For companies to truly zoom in on their customers and gain valuable insight that can pad their bottom line, they need to remember that when a customer visits their site, the site visit is only one tiny data point in a maze of factors that will ideally lead at the end to conversion.
But if the company can identify where the customer is in her conversion process when she is at that specific data point in the maze, then they will have a valuable tool to effectively influence her behavior.
My new adventure helps people form new and healthy habits and make sure they stick. As we approach the end of 2020, we may find ourself reflecting on our past resolutions. According to U.S. News & World Report, 80 percent of New Year’s resolutions fail by February. Healthier eating could save the United States more than $50 billion a year in health care costs associated with heart disease, stroke, type 2 diabetes, and related illnesses, according to a new study.

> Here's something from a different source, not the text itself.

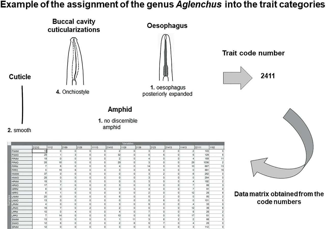 After defining of the various categories of each morpho-functional trait (buccal cavity, amphid, cuticle and pharynx), each genus was assigned to the most suitable category based on its morphological appearance and each taxon was given its own number code (Fig. 3).

An unhealthy diet is one of the leading risk factors for poor health and accounts for up to 45% of all deaths from these cardiometabolic diseases, the researchers noted.
At ConverCx we leverage behavioral models, cognitive psychology & conversational-AI to interact with patients, nudge & support them to form routine daily activities & habits.
Routines allow you to ensure regularity and achieve your goals as quickly and efficiently as possible.
We developed an innovative methodology to establish commitment by using a digital coach that personalized the trigger, the timing, and the reward to form new habits and maintain them. Different users go through different ‘Behavioral Change’ process.
The more routines we have, the easier it will be to make unexpected decisions and cope with new challenges. Apart from achieving goals, habits give us security and stability.
Our brains love routine. Routine allows you to follow the same route to work every day while your brain does other stuff — like preparing your presentation for tomorrow’s board meeting. Routine is valuable to your brain because it frees up resources. And that’s why our brains reward us for routine, encouraging us to create more of them.
For example, after we flip on a light switch (the action) several times and the light comes on (the reward) — our brain learns this is what it should expect. The next time we flip the switch, and the reward comes, we get a small burst of dopamine. After several of these loops, a new association is created. This behavioral pattern becomes literally etched into our neural pathways, and a new habit is formed.